On some days words failed us all and we ended up devising our own sign language - "you know the one that goes like this" followed by a deliberate waving of hands to illustrate a fold or a wrap around the body that defeated our drawing skills. Time was tight, our new language was soon the only way to get things done. I imagine the science community would have been horrified if they had overheard it; chromosomes pulling apart were labelled "water melons"; cell division was "the ones in the hoops"; the neurulating embryo was "Vidal Sassoon's shaved fur job". I developed two tongues: the pure for Oxford and a Cockney version for "our" lab at Curtain Road.

By the middle of August the chap working on the hydraulic heels had pulled out, terrified by the time scale, we were still short on the finance for a show and I had become ill under the pressure. I was becoming scared of getting the science "wrong" and of inadvertently appearing to send it up. This last was a constant worry as fashion has a habit of picking up the obvious for five minutes and then moving on to the next "big" thing.

I wanted the end of the journey to be something that everyone involved would feel a genuine part of and at the same time for the creative side of the work to stand up on its own with no explanation needed. Above all something new had to be generated, but if it happened it would have to produce itself; I hate the idea that the most that art can bring to science is effect.

On the day (due to lack of finance) that it looked most likely that no one would ever get to see the finished collection things suddenly started to click. Perminder Kalsi (see box below), the main student from the college who stayed the full course, started to take on that air that only surrounds the truly dedicated and, more than that, the silent knowing of someone who has got the plot. These are qualities that normally take years to come together, yet in her and the rest of the team there started a process whereby any decision they took about a pattern or a finish was one that I would have taken. This is what everyone knows as "entering the zone". Given that the inspiration for the collection was not something you could see in a film or grasp in a speedy read of a textbook, the moment was quite remarkable.

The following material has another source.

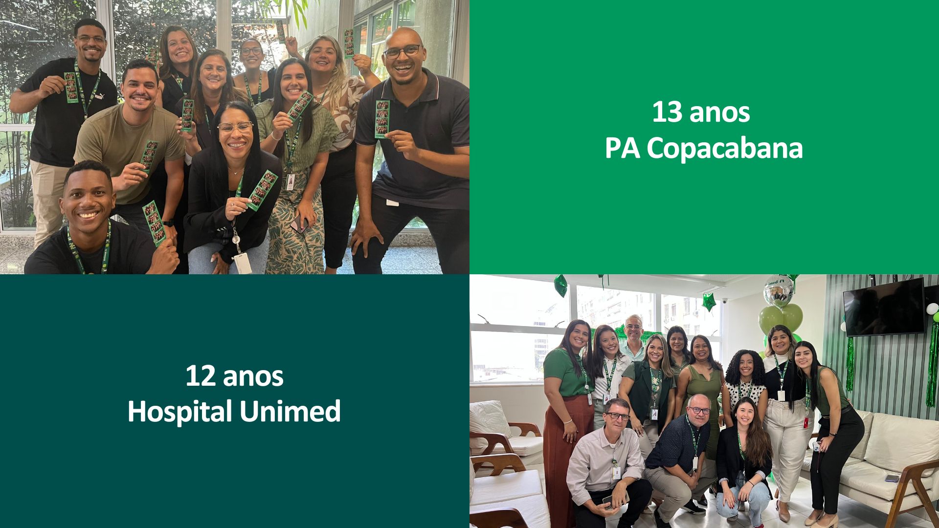 Em paralelo, nosso Pronto Atendimento Copacabana, que também integra o Sistema Unimed, completou 13 anos de dedicação e excelência no atendimento de emergência na Zona Sul do estado, no dia 12 de dezembro. Certificado com o selo ONA II, o PA destaca-se pela excelência em clínica médica, ortopedia e pediatria, além de contar com um complexo tecnológico para exames.

At the risk of sounding wet, "Primitive Streak" was setting people free to do what they did best, without conflict and in silence. The collection had developed a spirit. Days later the Crafts Council notified us that it was to sponsor the project, followed by a further grant from the Royal Society/Committee for the Public Understanding of Science. Things were looking up and we started to work towards photoshoots and an exhibition at the Institute of Contemporary Arts, which happened earlier this month.

As is often the case towards the end of a collection, the best ideas started to come, and, while managing to pull off more than I thought possible, the climax of the project was marked by a dismantling of the studio.

It seemed a strange and sad mission, to make the place look like we had never been there, and as I walked out of the building for the last time, saying good night to Charlie on the door, it suddenly felt like a lifetime ago when a teenage Helen Storey went for her first design interview at the London College of Fashion. In fact it was some 20 years ago. In those days, still struggling to find direction, I had thought I would be a cartographer, then a fashion journalist, then finally, after much indecision, a fashion designer.

In the intervening years much has changed in design education. For the most part we appear to run colleges whose strengths are perceived as either technical or design led - and never the twain shall meet. The London College of Fashion, however, is a college whose time has come.

Over the years it has been branded a technical institution, not in hindsight a bad thing as its creative students now have a framework which embraces the best of both worlds: the opportunity for students to dream and create coupled with the lecturers expertise and equipment to make those dreams happen.

Helen Storey is one of Britain's best-known fashion designers. The Primitive Streak collection will be taken on both a UK and an international tour in 1998.